Quebec's big polluters pollute even more

Quebec's big polluters pollute even more

and Charles Mathieu MISE À DAY

Since 2012, the 100 biggest polluters in Quebec have never emitted so many greenhouse gases, reveals an analysis by our Bureau of Inquiry. 

In 2021, the top 100 polluters released some 21.3 megatonnes (Mt), the highest peak in the past decade, according to data from the Department of the Environment.

The major polluters are mainly establishments such as cement plants, aluminum smelters and refineries.

In 2012, the first year for which these figures are available, the top 100 emitted some 21.1 Mt. emissions decreased to 19.8 Mt in 2016. Between 2016 and 2021, the increase is around 7.5%, while the province should, on the contrary, reduce its GHGs to reach its target.

The shutdown of several factories due to the pandemic explains a temporary drop in emissions (19.9 Mt) in 2020

Impactsignificant

According to our analysis, more than half of the top 100 polluters (57) have increased their emissions since 2012. This is almost the same number if we compare 2019 to 2021 (58).

The impact of the 100 biggest polluters is not negligible since they represent approximately 85% of all industrial GHGs and a quarter of those of all of Quebec.< /p>

The CAQ government promises a 54% reduction in GHGs compared to the 1990 threshold (all sectors combined).
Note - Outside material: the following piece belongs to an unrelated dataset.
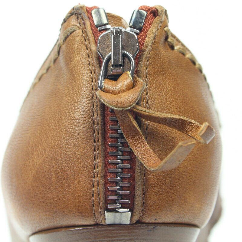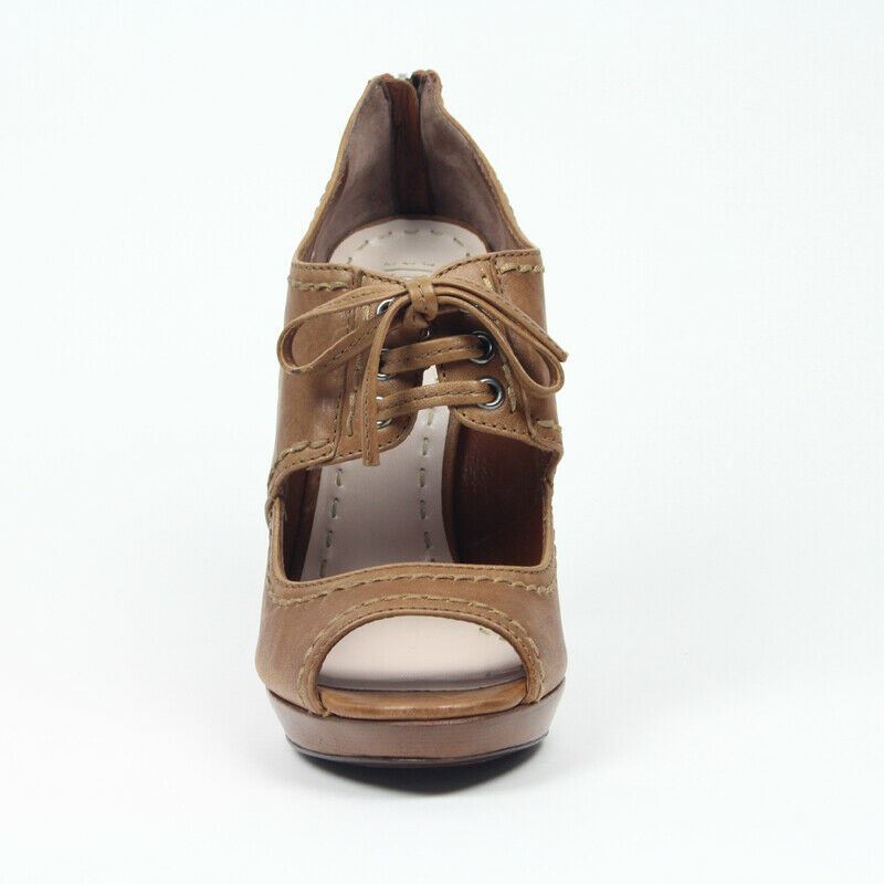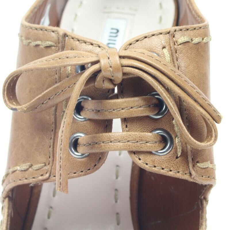 Authentic Miu Miu heels in a fun style. Medium brown, almost camel, in a vintage washed/rugged leather. Leather laces closure. Open peep toe. Back zip. Small platform. . Style 5Kp113. Made in Italy. Perfect with dresses to jeans. Has a very country girl vintage vibe.

But so far, the reduction has only been 2.6%.

Funded by Quebec

Several factories in the top 100 have received significant sums from the Green Fund, now called the Electrification and Climate Change Fund.

The McInnis cement plant alone emits 1.4 Mt and is now comfortably at the top of the biggest polluters, since 2020. The plant will continue to increase its emissions by 2027 when it is at full capacity.

The Port-Daniel plant in Gaspésie, now operated by Ciment St-Marys, which belongs to the Brazilian giant Votorantim, received $25,000 from the Electrification Fund in 2020-2021. The grant funded 30% of the cost of designing and installing 10 electric car charging stations at the factory.

“The remaining 70% of the project was funded by the factory says company spokesperson Christopher Mason.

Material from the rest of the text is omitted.